Index(['session_id', 'app_id', 'timestamp', 'event_name', 'event_data',
       'event_source', 'app_version', 'app_branch', 'log_version', 'offset',
       'user_id', 'user_data', 'game_state', 'index', 'seconds_from_launch'],
      dtype='object')

In [7]:
def check_event_starts(group, event_name):
    mismatches = []
    # Get indices of the specified event
    event_indices = group[group['event_name'] == event_name].index
    # Check each event occurrence
    for idx in event_indices:
        # If it's not the first event or if the previous 'session_id' is the same, it's a mismatch
        if idx != group.index[0] and group.at[idx, 'session_id'] == group.at[idx - 1, 'session_id']:
            mismatches.append(group.at[idx, 'session_id'])
    return mismatches

In [8]:
def find_mismatches(df, event_name):
    # Group by 'session_id' and apply the checking function for the specified event name
    mismatched_sessions = df.groupby('session_id').apply(lambda g: check_event_starts(g, event_name))

    # Flatten the list of mismatched sessions
    mismatched_sessions = [item for sublist in mismatched_sessions for item in sublist]

    # Print out the sessions with mismatches
    if mismatched_sessions:
        print(f"The total of '{len(mismatched_sessions)}'following sessions have '{event_name}' events that do not match a change in 'session_id':")
        for session in mismatched_sessions:
            print(session)
    else:
        print(f"All '{event_name}' events match a change in 'session_id'.")


In [9]:
find_mismatches(df_sorted, 'device_identifier')

All 'device_identifier' events match a change in 'session_id'.

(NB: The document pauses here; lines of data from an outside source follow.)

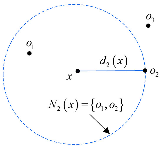 The k-distance neighborhood of x represents a set, denoted as , and all points o in the set are no more than away from x. Figure 1 visually explains k-distance and its neighborhood.
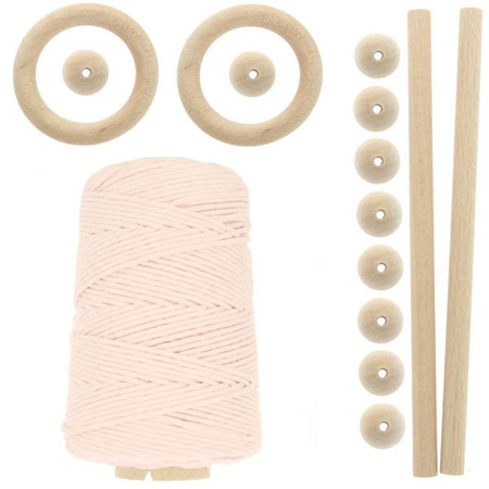 - Zestaw dla początkujących do tworzenia niesamowitych kompozycji makamowych i dzierganych. W komplecie znajdziesz : sznurek skręcany 3mm ~200m oraz akcesoria tj. koraliki drewniane, kijki do makramy, kółka do kwietnika.
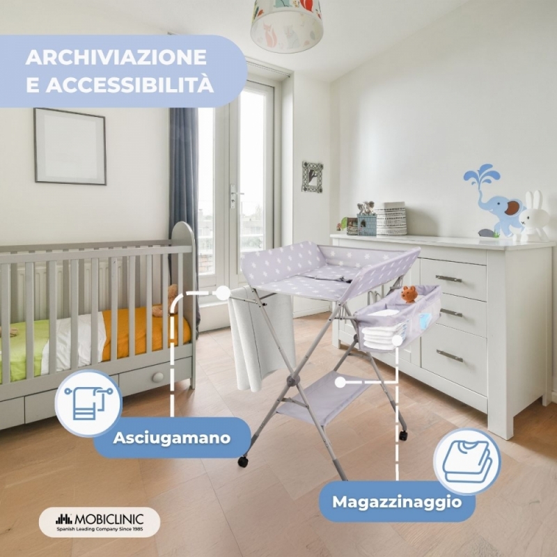 FUNZIONALE E PIEGHEVOLE: Questo fasciatoio è dotato di un capiente cestello laterale, di una barra portasciugamani e di un ripiano inferiore con più spazio per organizzare tutti i prodotti per l'igiene del tuo bambino. Si piega facilmente, occupando il minimo spazio, e la sua copertura è rimovibile, consentendo una pulizia ottimale ed efficace.
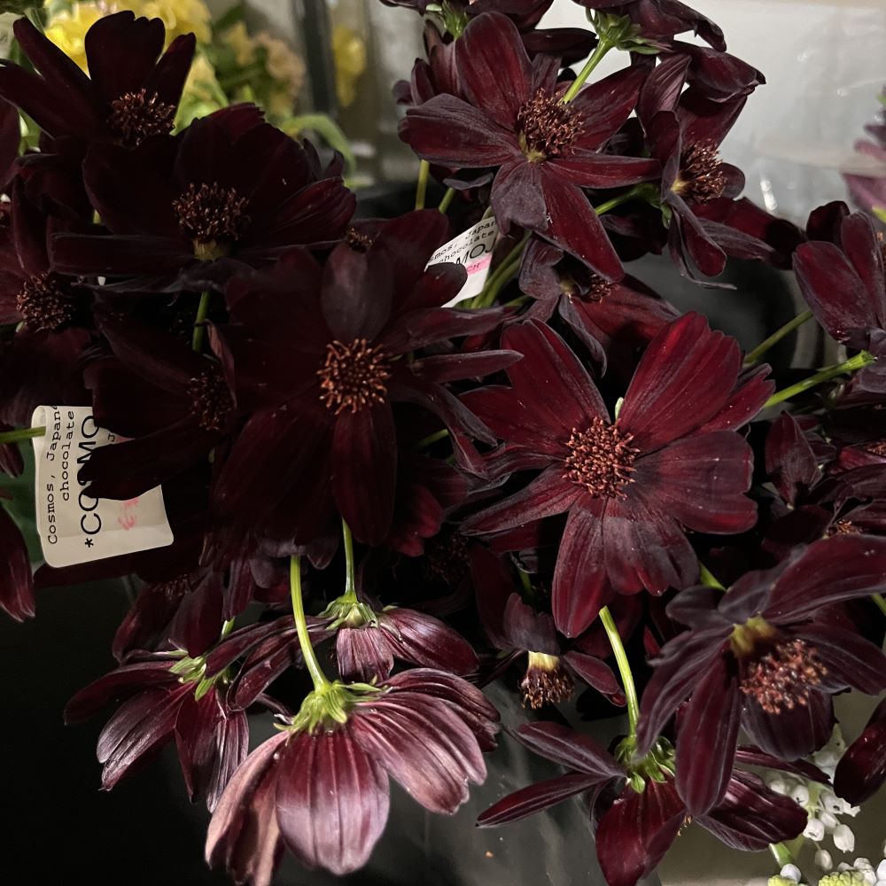 NEW!! Chocolate Japanese Cosmos are stunning! There are 10 stems in a bunch and the stems are 10-12″ tall. Availability is limited.

  mismatched_sessions = df.groupby('session_id').apply(lambda g: check_event_starts(g, event_name))


In [10]:
len(df[df['index']==0])

471

In [11]:
df['event_name'].nunique()

30

In [29]:
import pandas as pd
import numpy as np
import json
from sklearn.preprocessing import StandardScaler, OneHotEncoder

# Adjusted function to skip 'egg_hatched' or 'nest_complete' events in each session
def convert_to_lstm_input_format_adjusted(df):
    # Initialize the one-hot encoder for event names, excluding the ones to be removed
    valid_events = df[~df['event_name'].isin(['egg_hatched', 'nest_complete'])]['event_name'].unique()
    event_encoder = OneHotEncoder()
    event_encoder.fit(valid_events.reshape(-1, 1))

    sessions = df['session_id'].unique()
    all_sequences = []
    all_labels = []

    for session in sessions:
        session_data = df[df['session_id'] == session].sort_values('timestamp')
        
        sequence = []

        for _, row in session_data.iterrows():
            # Skip the 'egg_hatched' or 'nest_complete' events
            if row['event_name'] in ['egg_hatched', 'nest_complete']:
                continue

            game_state = json.loads(row['game_state'])
            
            features = [
                game_state.get('posX', 0),
                game_state.get('posY', 0),
                game_state.get('posZ', 0),
                game_state.get('rotW', 1),
                game_state.get('rotX', 0),
                game_state.get('rotY', 0),
                game_state.get('rotZ', 0),
                game_state.get('seconds_from_launch', 0)
            ]
            
            if row['event_name'] in valid_events:  # Check if event is in the list of valid events
                event_encoded = event_encoder.transform([[row['event_name']]]).toarray()
                features.extend(event_encoded.flatten().tolist())
                sequence.append(features)
        
        if not sequence:  # Skip sessions that end up with no data after filtering
            continue

        # Normalize/Standardize the sequence features
        scaler = StandardScaler()
        sequence = np.array(sequence)
        sequence[:, :8] = scaler.fit_transform(sequence[:, :8])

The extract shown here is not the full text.